第7章(2/2)
父亲眼里防着异彩,“爸又没说你是寡妇,是不是有点舒服?”
他捻着茄柄转着圈儿,转的人心里麻酥酥的,也不知怎么的,这茄子竟然也能激发起我内心的欲望,或许因了父亲在那里摆弄的缘故。
“爸――你就知道糟蹋人家,你要是玩腻了,就对人家说。”
兴奋中夹带着心底的自白,其实这个时候,我更愿意父亲说些黄色下流的语言。
“爸舍得你吗?”
他轻轻地抱住了我的屁股,亲昵地将下巴从我的股沟内往下,几乎擦着我的菊花。
“你要是不愿意,爸就不弄了,爸只是想让我们更快乐些。”
脱离了父亲的把持,夹在阴户的茄子随着我的气息摇晃着,一时间那种刺激倒减少了许多。
“我只是怕你把人家当成玩物,你们男人玩够了就会象扔只破鞋那样。”
我嘟起小嘴撒着娇。
“傻丫头,爸是那种人吗?再说,你是我亲生的女儿。”
言外之意,扔弃谁也不会扔弃我。
“哼!我不信!”
我回手抓住他耸立在我胯下的命根,“等你熟悉了我这里,不再对我的身体感兴趣,我还是你的女儿吗?”
父亲伸手捂住了我的嘴,眼神里显得无比的亲昵与疼爱,“不许你胡说,在爸的眼里,你不仅仅是女人,更是女儿,是女儿,你懂吗?”
他反复强调着。
我知道他是想让我顾念我们之间的亲情。
“爸――我知道。”
我轻轻地点着头。
“这就对了,别觉着爸和你只是欲念,只是男女之间的吸引。
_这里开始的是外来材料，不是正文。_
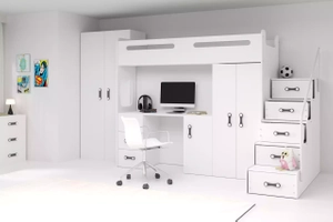 Lit ado simple Max 4 80X200 mezzanine avec bureau, blanc

”
他亲着我的屁股蛋,手爱惜地伸到我的胯间,“我们是一对爱过了头的父女,爸就是太爱你了,才想――想占有你。”
他强烈地咽着唾液,听得到他的喉结一上一下地动。
“坏爸,就知道你没安好心。”
我抓着他的卵子玩弄着。
父亲的舌尖已经钻弄着我的屁眼,那股麻酥直酥到心尖子上。
“你是不是觉得爸爸占了你的身子,把你玩够了,就会抛弃你。”
“你敢?”
我突然娇嗔地捏了父亲一下,捏得他身子一收缩。
父亲抬起头,饶有兴趣地看着夹在我屁股间的粗大茄子,“爸不是不敢,是舍不得,有谁能象我们父女之间这么无拘无束?”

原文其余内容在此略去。